Equatorial Guinea v France: The Gift that Keeps on Giving

This has been quite the delay, but I am back to blogging (I can almost hear the roar of jubilant crowds…). Given the state of the world, there is economic crime news aplenty, and so I will be posting regularly over the next several weeks.

Perhaps the most bizarre development of the past month or so has been the unexpected airing of Season 2 in the never-ending saga of Equatorial Guinea v France, set in the grand halls of the International Court of Justice in the Hague. The original case had it all: a flamboyant vice-president of an oil-rich country (coincidentally, the son of the country’s president), allegations of corruption and money laundering, a long-running — and ultimately successful — attempt by several civil society groups to excite French law enforcement with those allegations, and a last-ditch bid by the beleaguered vice-president’s home country to present his mansion as part of the premises of its diplomatic mission to save its from confiscation.
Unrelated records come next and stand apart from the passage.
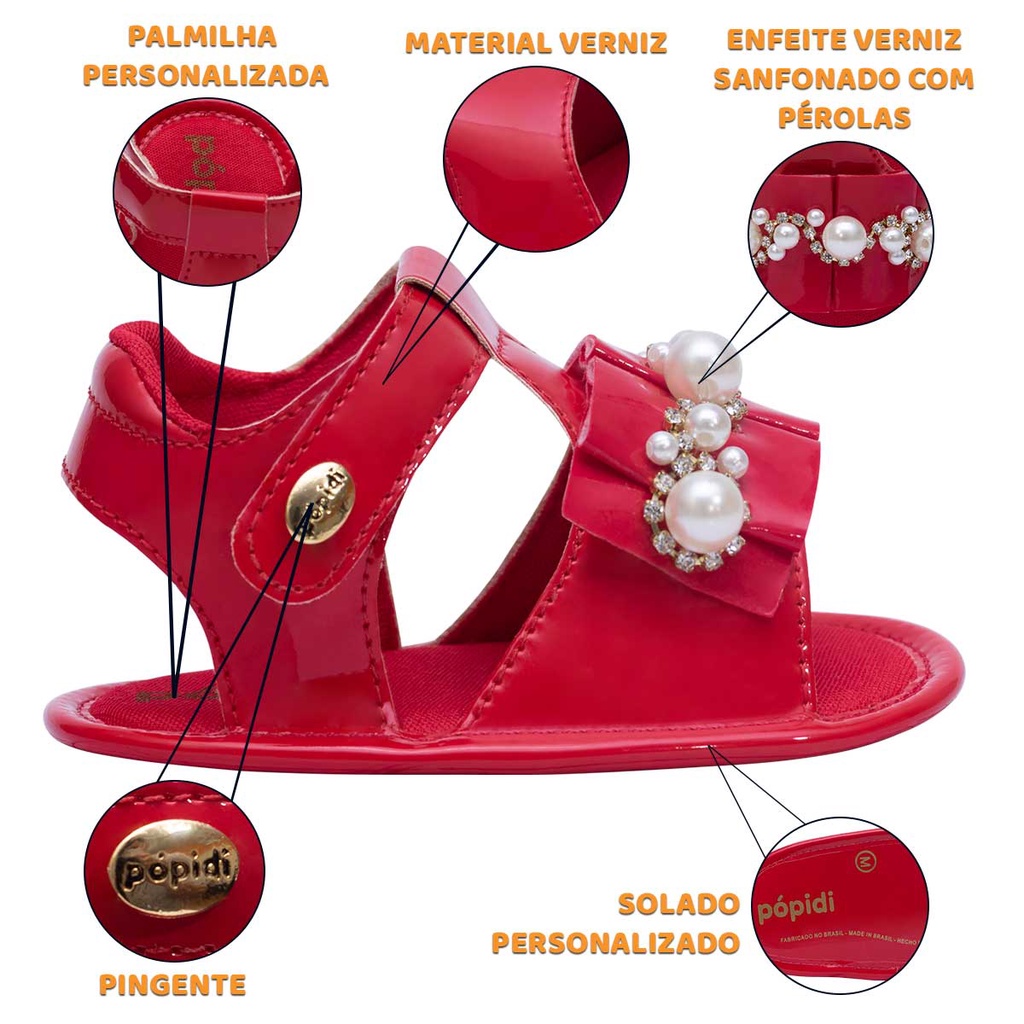 SANDÁLIA BEBÊ Sandalinha bebê leve e confortável, calce fácil com segurança e estilo para as meninas. Perfeita para dias mais frescos. DESCRIÇÃO Confeccionada em Verniz, com forração soft, super confortável e palmilha em EVA com espuma de excelente qualidade. Possui solado personalizado e fechamento prático, facilitando o calce. DETALHES DO PRODUTO Material Externo: Sintético Material Interno: Tecido Material da Palmilha: EVA Material da Sola: Sintético Embalagem: Caixa individual Nós da Pópidi cuidamos com carinho da relação pré e pós-venda, afinal a satisfação de nossos clientes é muito importante para nós! ATENDIMENTO: Segunda à sexta: 07:00 às 19:00 Sábado: 09:00 às 13:00 TABELA DE MEDIDAS P - Nº 13/14 - 8,5 cm M - Nº 15/16 - 10,0 cm G - Nº 17/18 - 11,0 cm COMO MEDIR Coloque o pé em cima de uma folha de papel e risque em volta dele com um lápis ou caneta. Meça o comprimento do topo até a base do contorno e adicione 0,5 cm de folga. LIMPEZA E CONSERVAÇÃO Evite usar substâncias abrasivas como álcool, detergentes ou solventes nos calçados. Nunca os mergulhe na água, os deixe de molho ou lave na máquina. A secagem dos produtos deve ser feita à temperatura ambiente e na sombra, nunca no sol ou em máquinas. SOBRE A EMPRESA Visão Estar em constante expansão e inovação, de uma forma consistente e arrojada. Missão Proporcionar o bem estar dos nossos clientes, satisfazendo-os em um ambiente agradável e cortês com produtos a preços justos e de qualidade. Valores Respeito, Dedicação, Conexão e Atitude. Boas compras e volte sempre!!!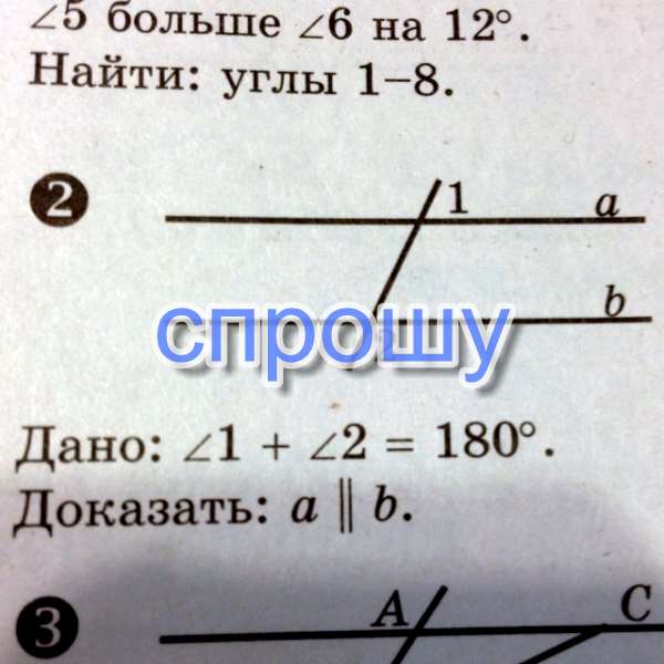 Угол 1+ угол 2 = 180градусов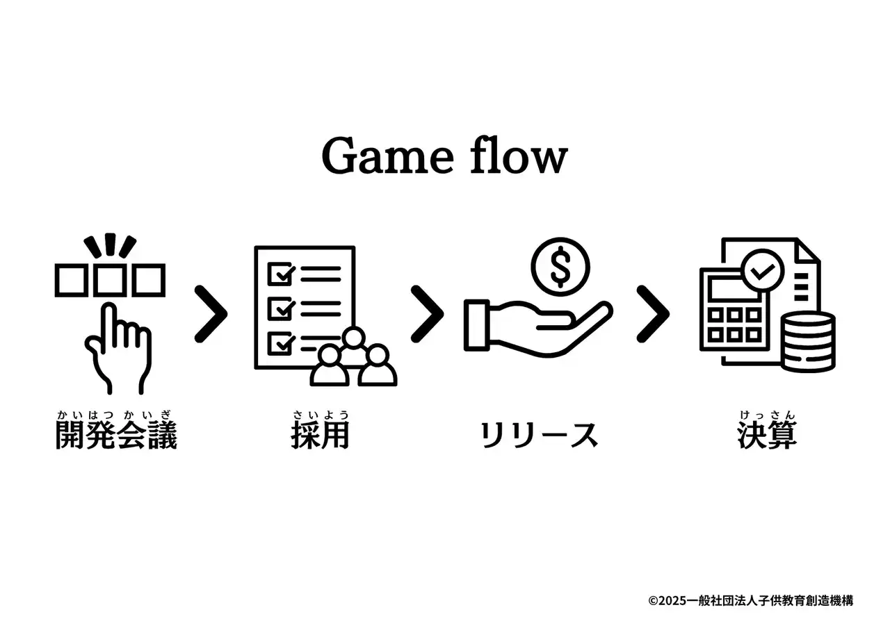 | お子さんにとって身近で関心の高い「ゲーム開発」を事業テーマに設定。自分が「ゲーム会社の社長」になるというロールプレイを通じて、当事者意識を持ってビジネスの仕組みに没入できる設計です。 | |||||||||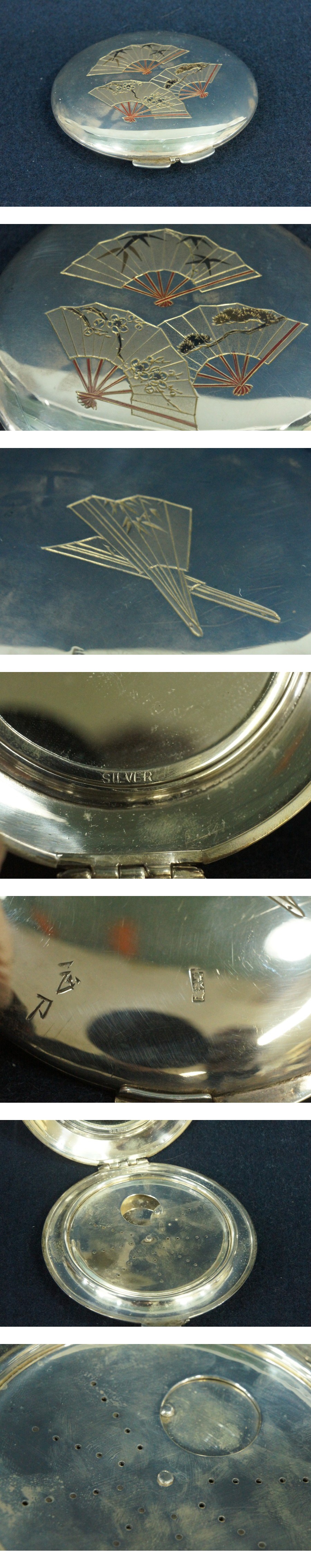●銀製 コンパクト 白粉入 扇面彫刻 一正銘

Sadly for Equatorial Guinea, its claims fell through, and the confiscation and sale of Vice-President Obiang’s Parisian mansion is set to proceed on the basis that it, according to a French court judgment, constitutes the proceeds of misappropriation of public funds. That gives rise to the inevitable question: Once the property is actioned off, who gets to keep the money?

‘Send it back to us,’ says Equatorial Guinea, and now sues France to compel it to return the proceeds. The claims are brought under the UN Convention Against Corruption, which provides that, in some circumstances, confiscated proceeds of corruption must be restored to the country of origin.

The challenge for Equatorial Guinea is that these circumstances manifestly do not include confiscation over the objections of, and court cases brought by, the country of origin. Strikingly, in its application instituting the proceedings Equatorial Guinea relies on what is effectively a non-mandatory provision in Article 57(3)(c) of the Convention:

‘In all other cases, [the state that confiscated the assets shall] give priority consideration to returning confiscated property to the requesting State Party, returning such property to its prior legitimate owners or compensating the victims of the crime.’

On Equatorial Guinea’s case, France did not afford such ‘priority consideration’ to its request to return Vice-President Obiang’s confiscated property. For sure, this may not be the most compelling argument ever to grace the ICJ’s courtroom, but I suspect Equatorial Guinea’s legal advisors may have had limited say in whether this case deserves to be resurrected.

In the meantime, Vice-President Obiang’s father — in power since 1979 — is running for re-election as president, and we will all be waiting for the result with bated breath.